No problem. The technology only feeds the tradition, promoting further invention, movement variation and another mirror on the inventor. The process mirrors the thoughts, feelings, esthetics, and images of the processor--whether on-screen or on stage--while extending the learning loop. What is thought by the choreographer is seen in the mind's eye is imprinted on the screen is learned by the dancer is remembered is experienced is performed for the viewer, and is in turn experienced by the viewer while it is remembered is imprinted is seen is thought, entering into an interfacing stream of perception and experience with the next inundation of imagery, leading us--dancer and audience alike--repeatedly and inevitably back through the body. The body is the transmitter and resonator. It contains all. No more the need to demarcate exclusive territories. The Life Forms screen makes that all too obvious, that it is only one piece of THE ACTION, one more site along the route of transmission. The body, with both its inbuilt and accessory technologies, remains the ultimate tool...to the future. To the "now".

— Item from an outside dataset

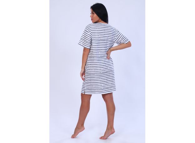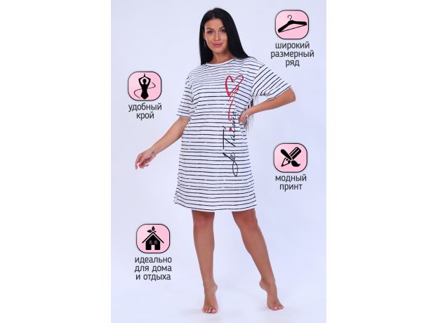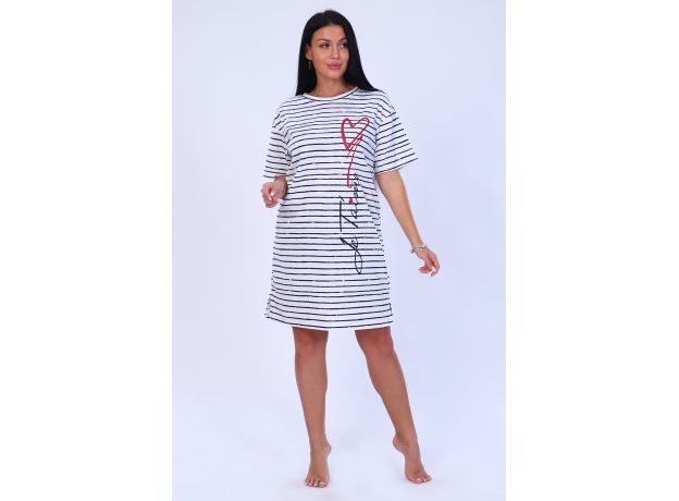 Туника женская из трикотажного полотна с набивным рисунком, полуприлегающего силуэта. На полочке расположен принт. Горловина округлой форма, обработана обтачкой. Рукав короткий, цельнокроеный. Низ изделия и рукавов подогнут.

...so little time to be born to the moment....

I suppose some of my future students will take to the computer as I once did to the violin; they will learn to tune the instrument, practice it hour upon hour in isolation facing a series of notated signals, perform on it, and make music for other bodies to interpret and appreciate. Some will set aside such an extension or appendage of the body in order to get up and dance, as I did,--compelled to engage directly with their bodies-as-animators, experiencing simultaneously the mind and muscle as instantaneous projectors and mirrors or screens upon which the unfolding imagery is printed and performed. They will learn that the impulse-as-image springs as easily from the muscle as from the brain, feeding both and annihilating the lag between the visceral and the visual. Some will learn to revel in both choreographic technologies-- whether on-screen computer progams or in-studio live action --as mutual means to discovering movement with seamless intelligence, grace and an understanding of the body's infinite potential for permutation and expression. They will learn with time and countless efforts that there is a wisdom in the dancing body which will not be betrayed by any technique or technology; rather, that wisdom, (sometimes very personal and idiosyncratic in style, sometimes more broadly accessible and universal), will be revealed and enhanced by those techniques and technologies which, in the end, serve the living, dancing figure in real space and time.

And their students, in turn, will explore new "takes" on technologies and new loopings back to the body, transforming both in a slow spiral through changing times and generations of choreographers.

My plea to future students: teach your teachers well.